## Exercise input:
▼

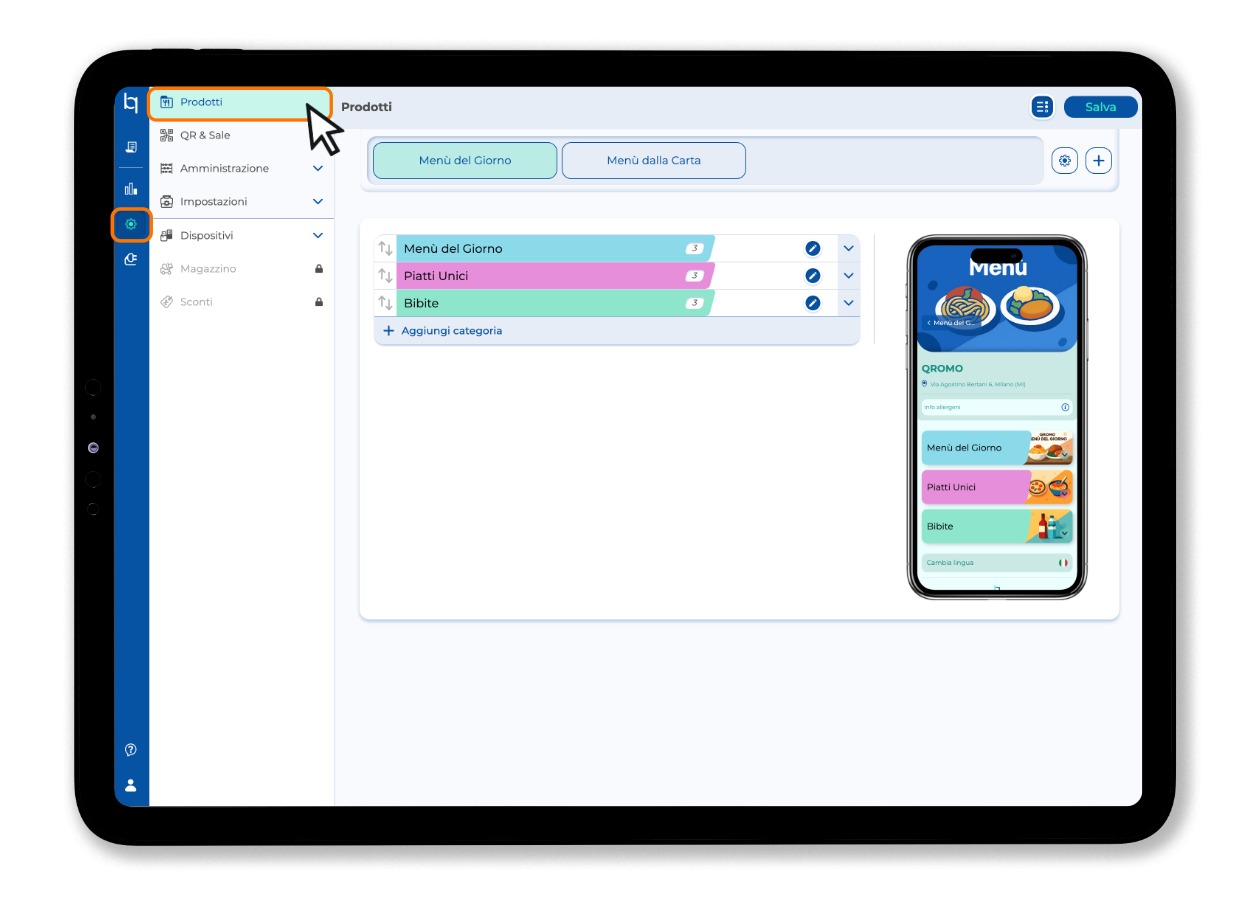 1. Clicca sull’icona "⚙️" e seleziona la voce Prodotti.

▲
▼

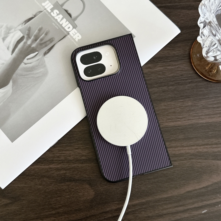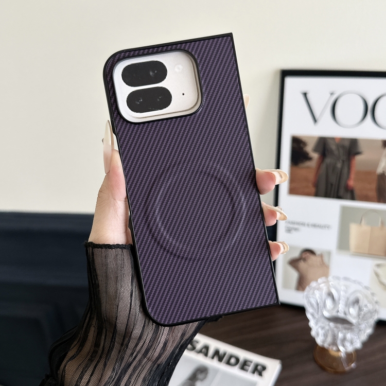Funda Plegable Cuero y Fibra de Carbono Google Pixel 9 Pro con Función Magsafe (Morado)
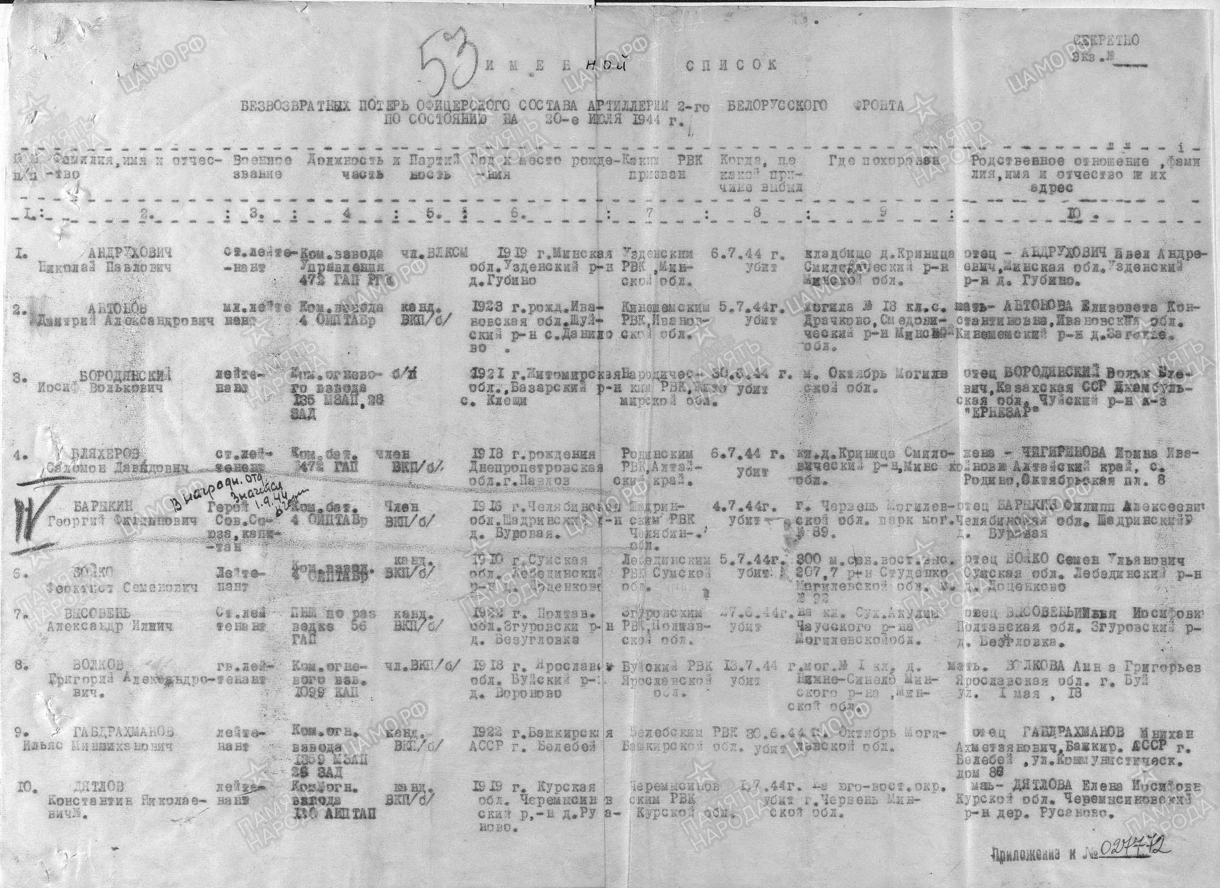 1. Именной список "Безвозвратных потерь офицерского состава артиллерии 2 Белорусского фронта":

▲
▼

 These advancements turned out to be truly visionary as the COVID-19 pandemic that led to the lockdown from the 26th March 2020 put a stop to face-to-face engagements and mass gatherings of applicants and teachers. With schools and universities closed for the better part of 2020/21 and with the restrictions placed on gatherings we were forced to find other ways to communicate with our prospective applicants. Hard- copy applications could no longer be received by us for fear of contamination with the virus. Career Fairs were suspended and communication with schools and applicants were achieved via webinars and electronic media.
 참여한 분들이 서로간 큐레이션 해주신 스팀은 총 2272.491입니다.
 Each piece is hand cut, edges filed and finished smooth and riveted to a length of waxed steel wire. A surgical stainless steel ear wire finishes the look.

▲

## Activity:
Where the line holding "참여한 분들이 서로간 큐레이션 해주신 스팀은 총 2272.491입니다." appears in the listing above, start reproducing exactly, and end with the line holding "Each piece is".

## Expected answer:
 참여한 분들이 서로간 큐레이션 해주신 스팀은 총 2272.491입니다.
 Each piece is hand cut, edges filed and finished smooth and riveted to a length of waxed steel wire. A surgical stainless steel ear wire finishes the look.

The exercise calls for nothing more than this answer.